EXERCISE INPUT section start

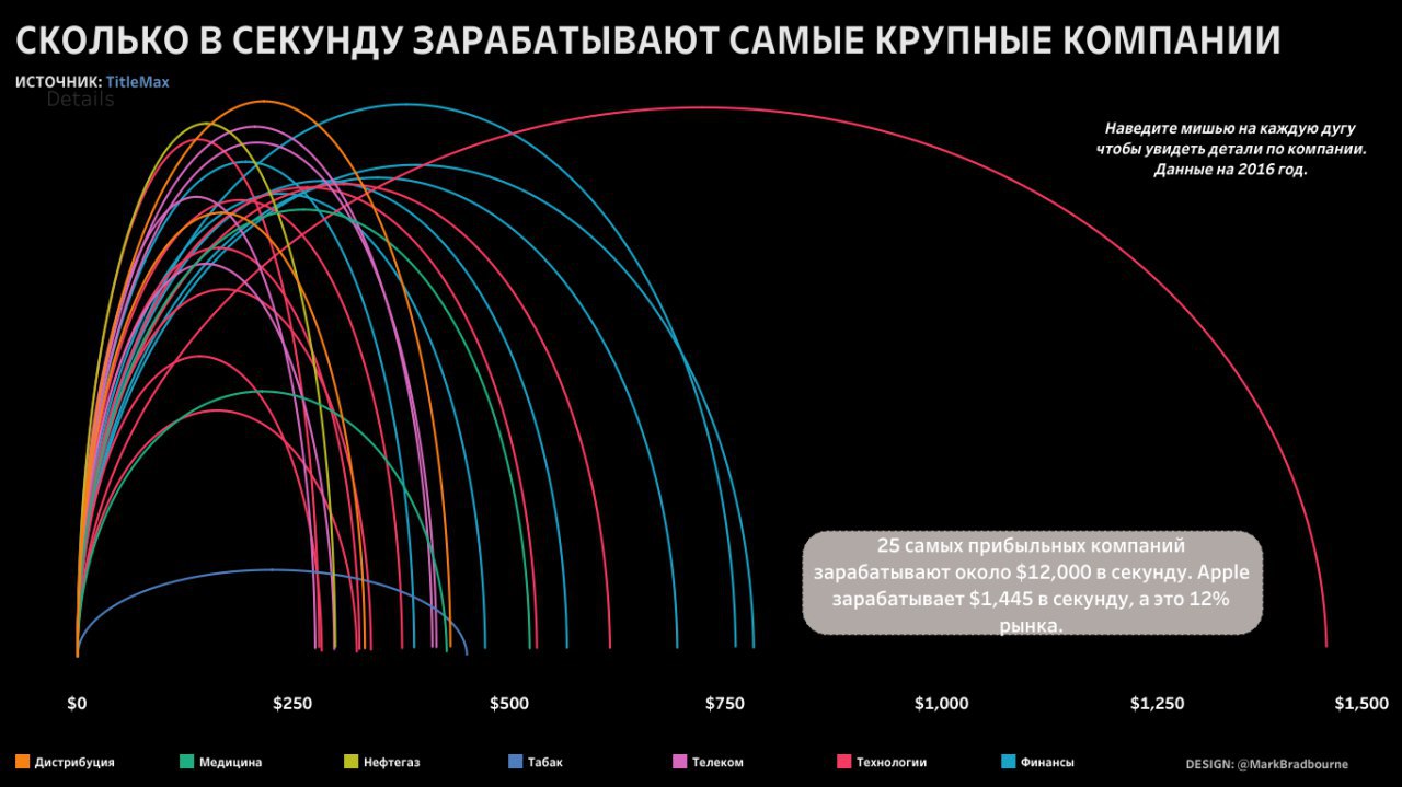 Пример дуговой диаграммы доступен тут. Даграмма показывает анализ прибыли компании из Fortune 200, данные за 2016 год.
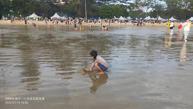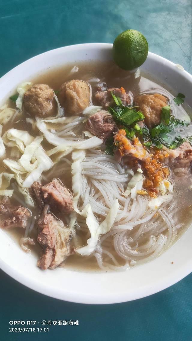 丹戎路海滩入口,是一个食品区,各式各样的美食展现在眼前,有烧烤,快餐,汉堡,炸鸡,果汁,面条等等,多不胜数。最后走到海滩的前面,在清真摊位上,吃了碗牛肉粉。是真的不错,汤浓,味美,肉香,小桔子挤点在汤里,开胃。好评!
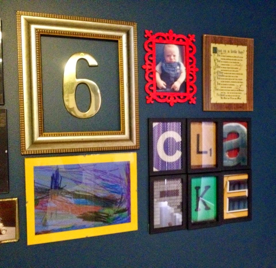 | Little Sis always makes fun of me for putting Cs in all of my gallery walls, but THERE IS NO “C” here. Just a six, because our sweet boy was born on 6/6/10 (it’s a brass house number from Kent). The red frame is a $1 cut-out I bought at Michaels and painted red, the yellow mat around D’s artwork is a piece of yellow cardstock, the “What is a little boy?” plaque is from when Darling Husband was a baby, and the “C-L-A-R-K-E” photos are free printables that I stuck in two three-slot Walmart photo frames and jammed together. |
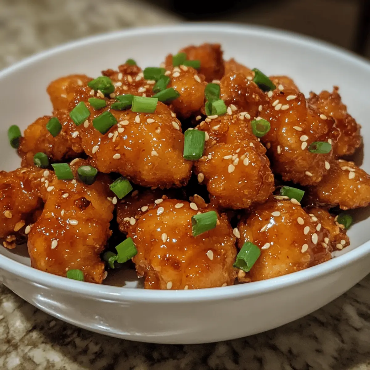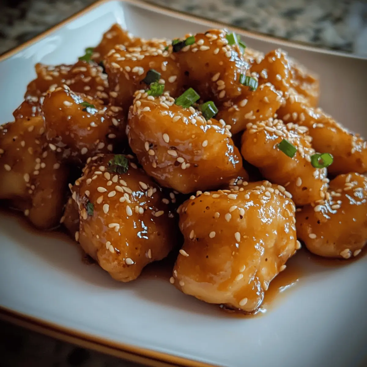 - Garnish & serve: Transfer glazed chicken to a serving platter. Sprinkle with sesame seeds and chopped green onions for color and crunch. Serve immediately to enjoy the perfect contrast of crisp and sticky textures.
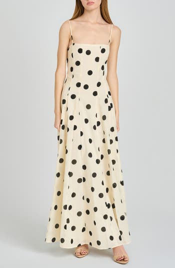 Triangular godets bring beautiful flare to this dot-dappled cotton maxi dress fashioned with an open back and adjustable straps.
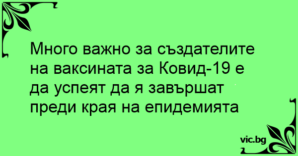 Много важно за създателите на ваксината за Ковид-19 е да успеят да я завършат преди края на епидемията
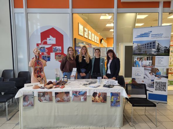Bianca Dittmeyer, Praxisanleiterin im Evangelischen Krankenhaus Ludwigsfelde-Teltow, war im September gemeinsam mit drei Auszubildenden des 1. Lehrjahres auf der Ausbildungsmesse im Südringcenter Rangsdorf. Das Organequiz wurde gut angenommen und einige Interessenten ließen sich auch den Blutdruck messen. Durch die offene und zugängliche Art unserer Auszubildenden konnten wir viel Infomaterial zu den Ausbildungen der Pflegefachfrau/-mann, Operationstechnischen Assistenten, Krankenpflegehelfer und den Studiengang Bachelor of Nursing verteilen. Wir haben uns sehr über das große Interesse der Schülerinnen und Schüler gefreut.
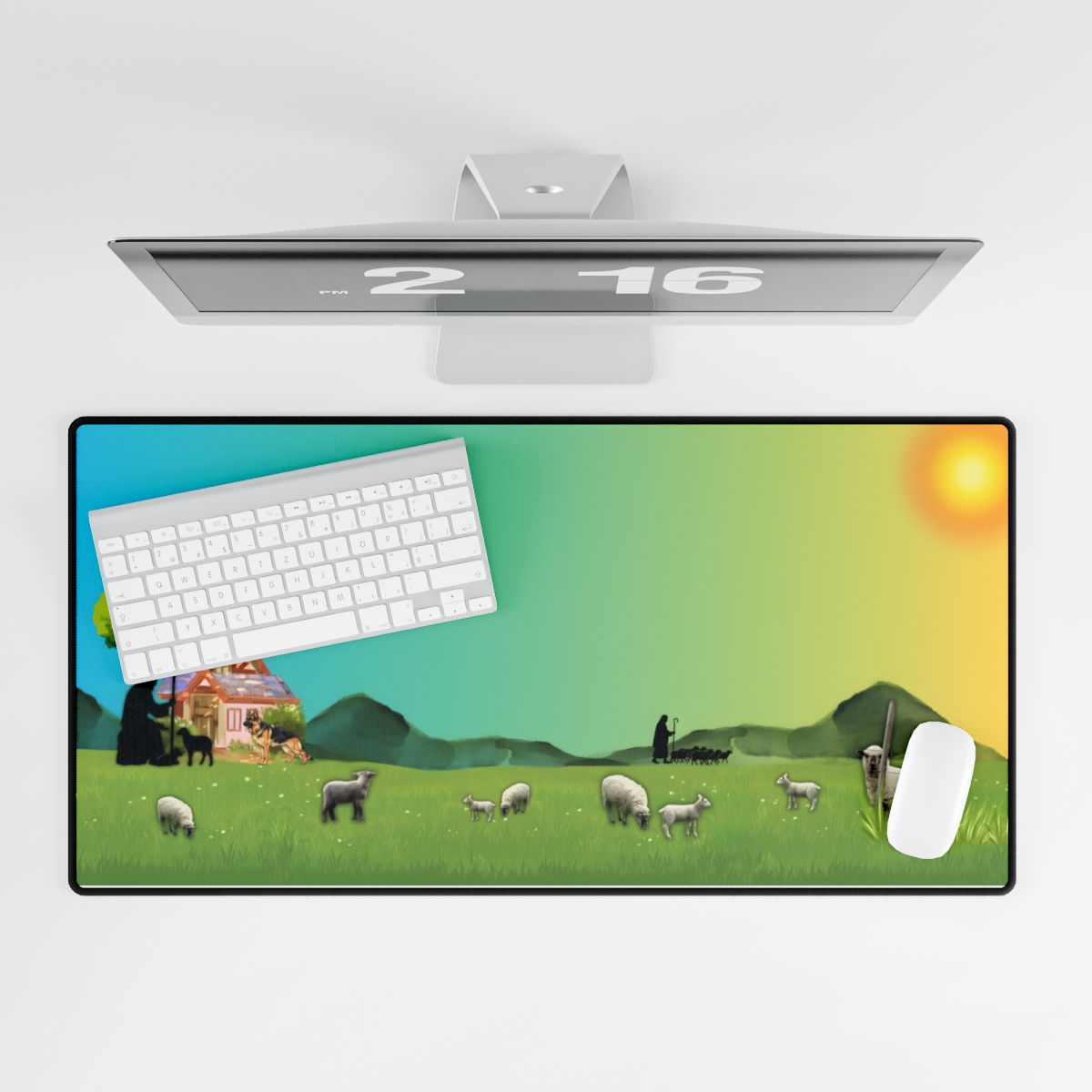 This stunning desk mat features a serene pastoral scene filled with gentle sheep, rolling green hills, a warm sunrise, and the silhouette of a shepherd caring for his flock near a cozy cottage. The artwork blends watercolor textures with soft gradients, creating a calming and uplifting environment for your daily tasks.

EXERCISE INPUT section end
EXERCISE INPUT section start

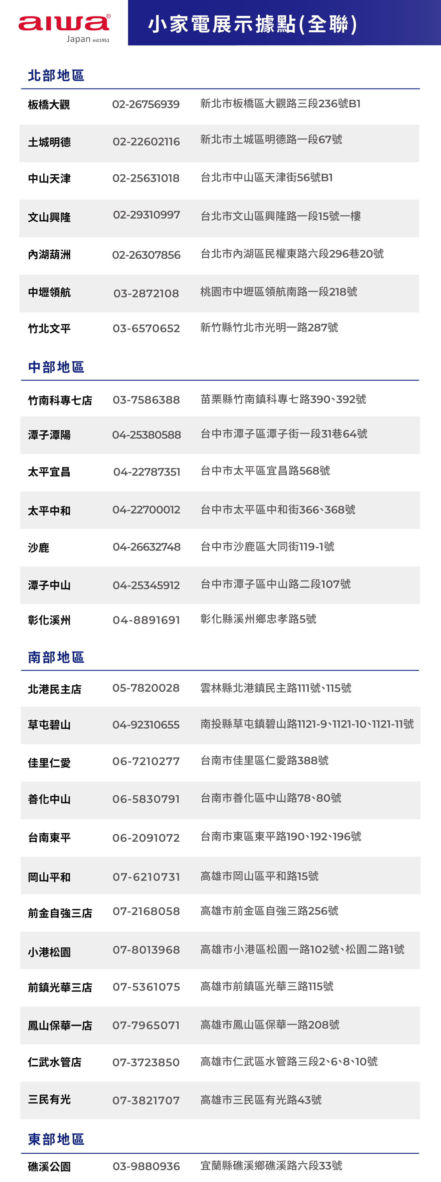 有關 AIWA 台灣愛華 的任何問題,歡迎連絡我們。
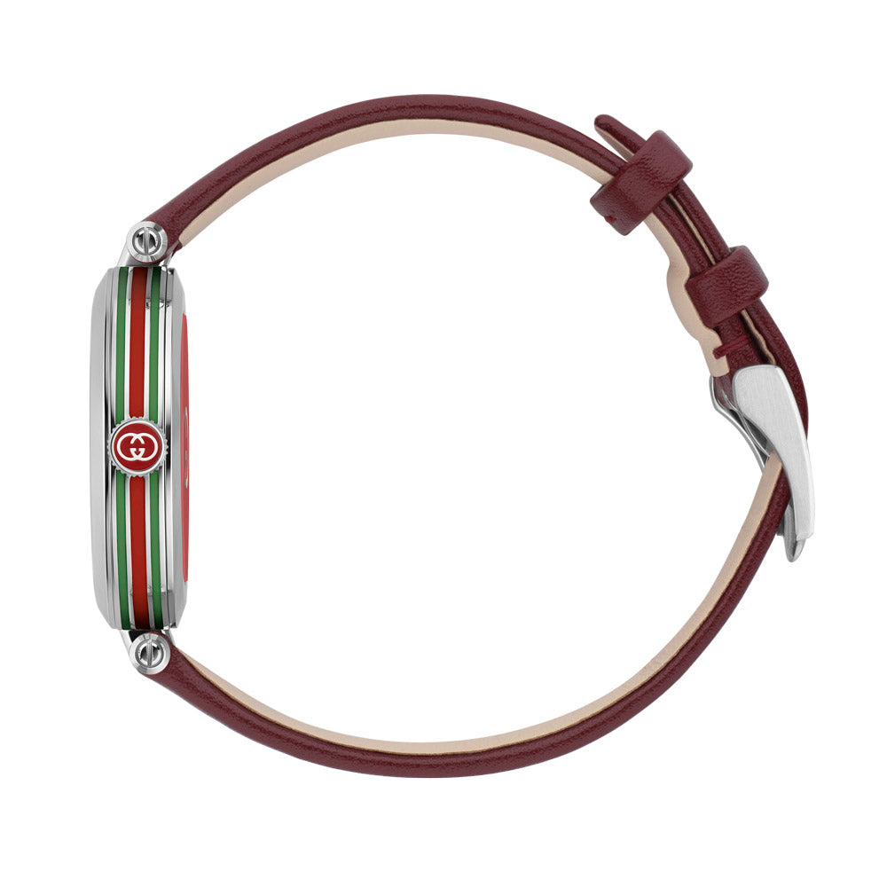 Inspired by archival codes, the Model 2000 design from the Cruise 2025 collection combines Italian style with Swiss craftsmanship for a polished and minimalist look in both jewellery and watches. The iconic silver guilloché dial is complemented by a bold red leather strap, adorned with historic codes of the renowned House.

EXERCISE INPUT section end

YOUR TASK: Copy word for word the lines of the records above from the one with "有關 AIWA 台灣愛華 的任何問題,歡迎連絡我們。" up to and including the one with "Inspired by archival". Skip the pictures.

TASK ANSWER:
 有關 AIWA 台灣愛華 的任何問題,歡迎連絡我們。
 Inspired by archival codes, the Model 2000 design from the Cruise 2025 collection combines Italian style with Swiss craftsmanship for a polished and minimalist look in both jewellery and watches. The iconic silver guilloché dial is complemented by a bold red leather strap, adorned with historic codes of the renowned House.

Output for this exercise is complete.